**Exercise materials:**
##########
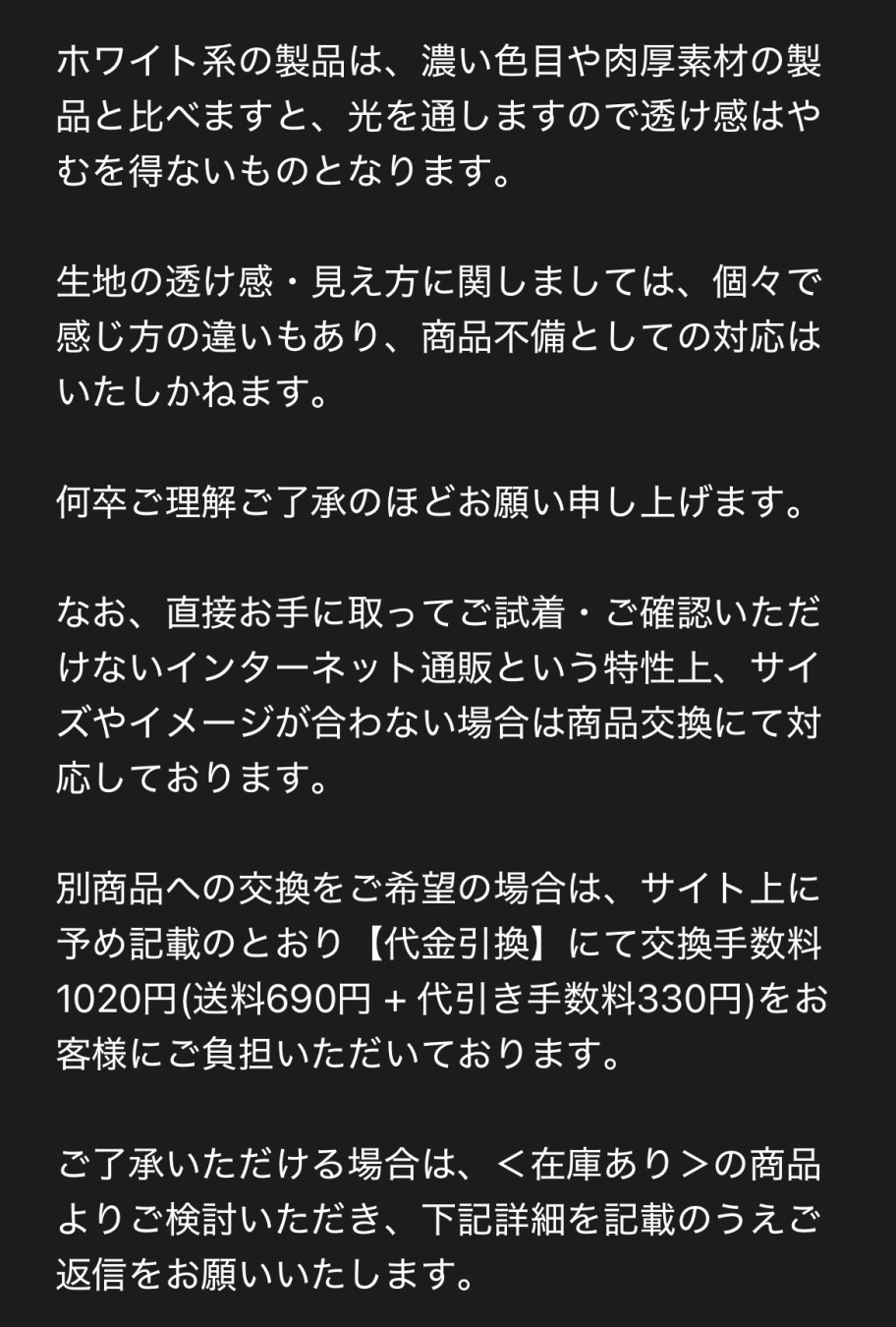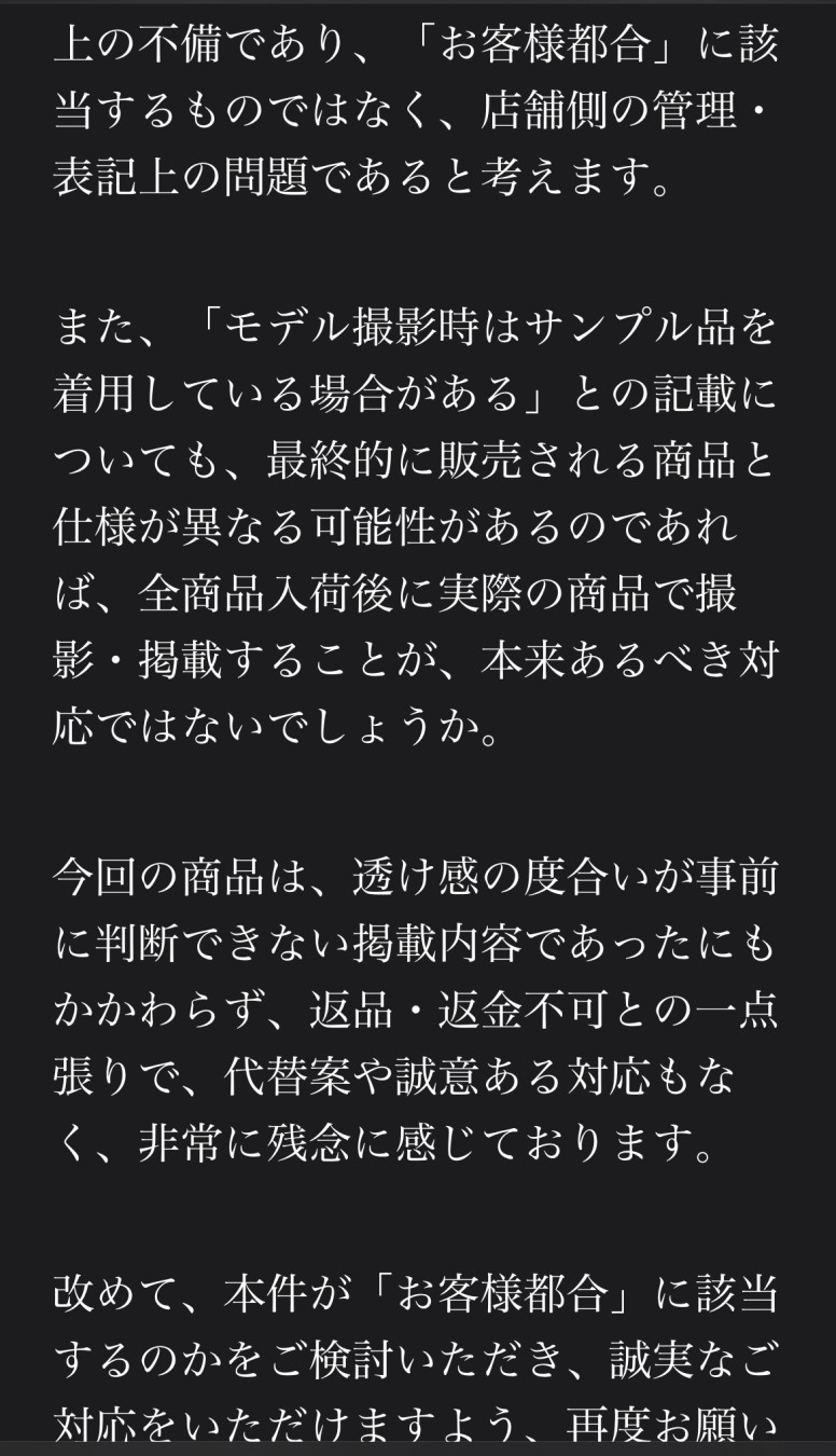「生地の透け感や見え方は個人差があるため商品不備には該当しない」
##########
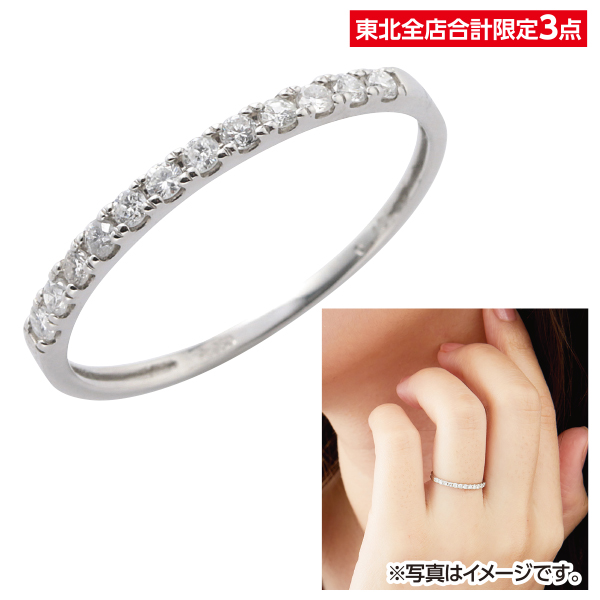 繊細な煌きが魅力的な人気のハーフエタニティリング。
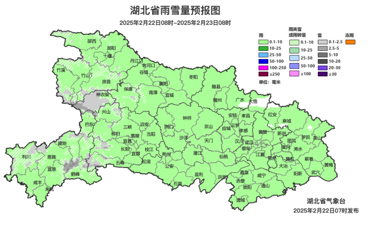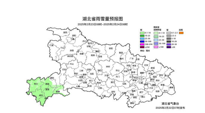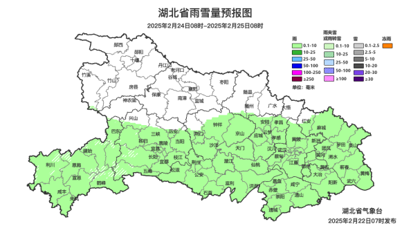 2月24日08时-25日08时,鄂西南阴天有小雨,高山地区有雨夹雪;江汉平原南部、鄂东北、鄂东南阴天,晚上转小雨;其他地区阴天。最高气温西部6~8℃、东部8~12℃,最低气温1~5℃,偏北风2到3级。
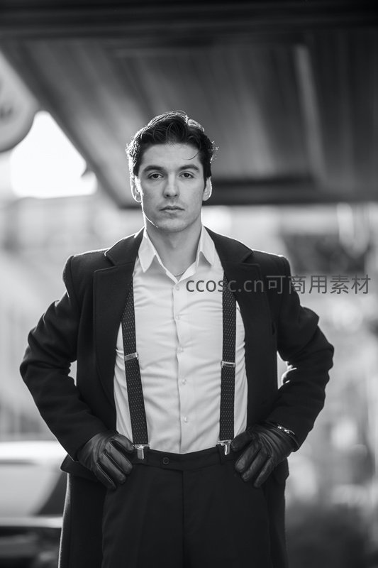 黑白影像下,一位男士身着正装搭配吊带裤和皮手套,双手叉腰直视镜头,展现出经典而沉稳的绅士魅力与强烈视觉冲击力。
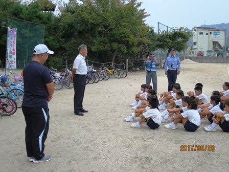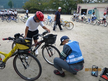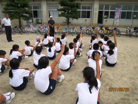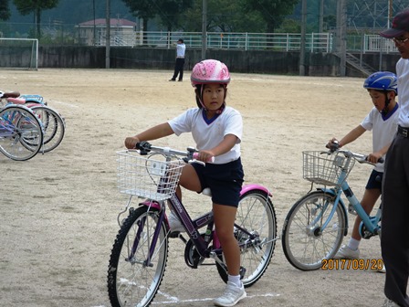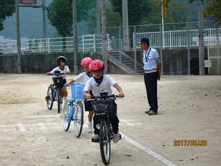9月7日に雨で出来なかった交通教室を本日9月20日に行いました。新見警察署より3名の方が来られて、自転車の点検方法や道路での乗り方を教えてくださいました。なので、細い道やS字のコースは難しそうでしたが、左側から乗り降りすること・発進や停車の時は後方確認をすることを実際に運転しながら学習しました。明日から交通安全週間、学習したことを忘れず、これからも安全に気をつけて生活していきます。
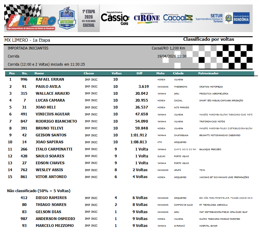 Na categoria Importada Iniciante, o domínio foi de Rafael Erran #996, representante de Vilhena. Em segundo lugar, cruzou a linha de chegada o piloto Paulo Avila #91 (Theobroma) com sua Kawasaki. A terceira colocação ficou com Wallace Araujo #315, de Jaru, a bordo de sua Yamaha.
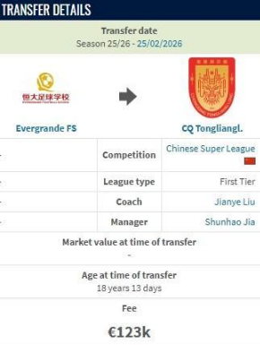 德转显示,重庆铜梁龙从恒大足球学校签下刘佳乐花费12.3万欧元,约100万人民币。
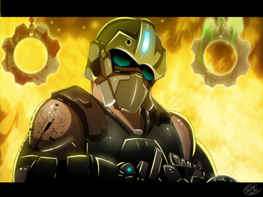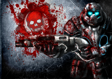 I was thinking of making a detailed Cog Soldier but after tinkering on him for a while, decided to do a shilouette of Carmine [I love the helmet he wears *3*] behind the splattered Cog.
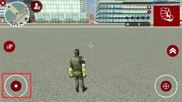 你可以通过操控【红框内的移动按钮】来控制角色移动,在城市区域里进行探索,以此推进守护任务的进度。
##########
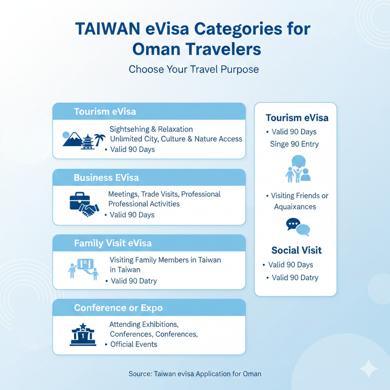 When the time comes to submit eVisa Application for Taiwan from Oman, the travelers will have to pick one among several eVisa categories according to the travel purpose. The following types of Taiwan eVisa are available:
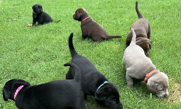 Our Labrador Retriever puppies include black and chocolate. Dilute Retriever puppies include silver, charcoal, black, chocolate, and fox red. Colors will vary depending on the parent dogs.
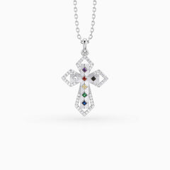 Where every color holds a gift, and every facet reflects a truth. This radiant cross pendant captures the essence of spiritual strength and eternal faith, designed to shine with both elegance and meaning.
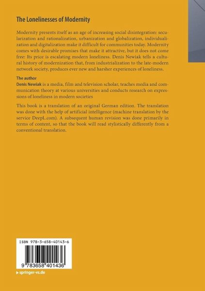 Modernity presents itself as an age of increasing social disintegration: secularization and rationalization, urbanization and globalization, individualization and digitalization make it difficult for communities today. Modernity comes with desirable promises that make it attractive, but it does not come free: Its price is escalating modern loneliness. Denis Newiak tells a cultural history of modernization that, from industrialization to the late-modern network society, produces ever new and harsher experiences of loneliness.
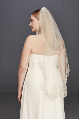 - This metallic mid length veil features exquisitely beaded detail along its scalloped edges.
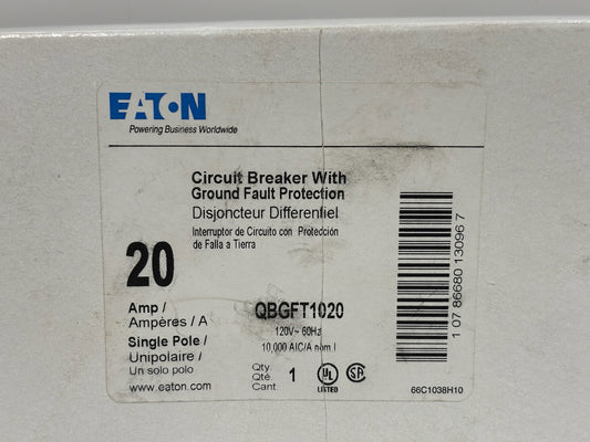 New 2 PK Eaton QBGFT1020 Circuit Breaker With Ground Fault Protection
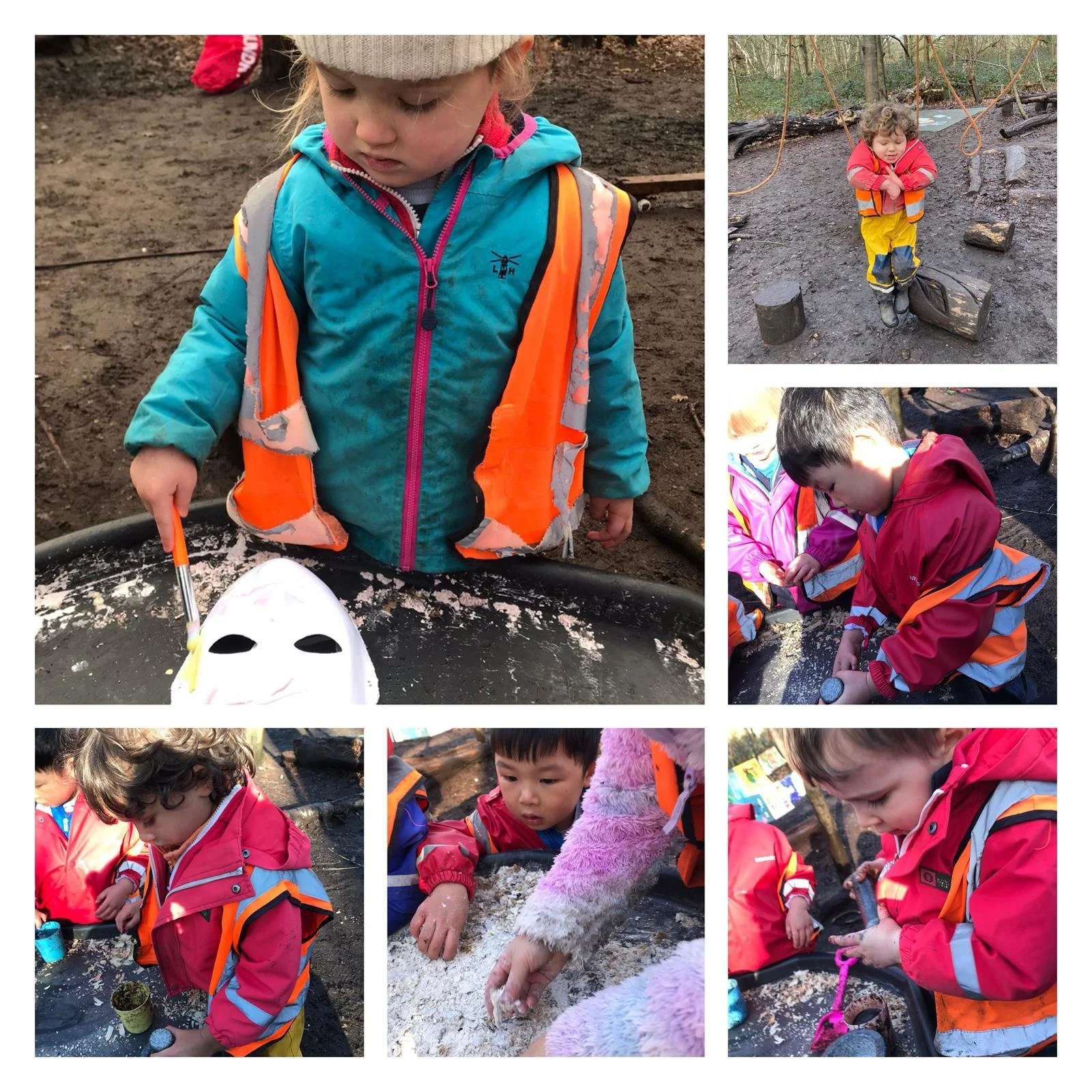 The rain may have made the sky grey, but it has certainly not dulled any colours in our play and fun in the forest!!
##########
**Your assignment:** Repeat exactly the stretch of the listing above that starts with the line holding "Our Labrador Retriever" and finishes with the line holding "Where every color", both included. Skip every picture.

**Exercise result:**
 Our Labrador Retriever puppies include black and chocolate. Dilute Retriever puppies include silver, charcoal, black, chocolate, and fox red. Colors will vary depending on the parent dogs.
 Where every color holds a gift, and every facet reflects a truth. This radiant cross pendant captures the essence of spiritual strength and eternal faith, designed to shine with both elegance and meaning.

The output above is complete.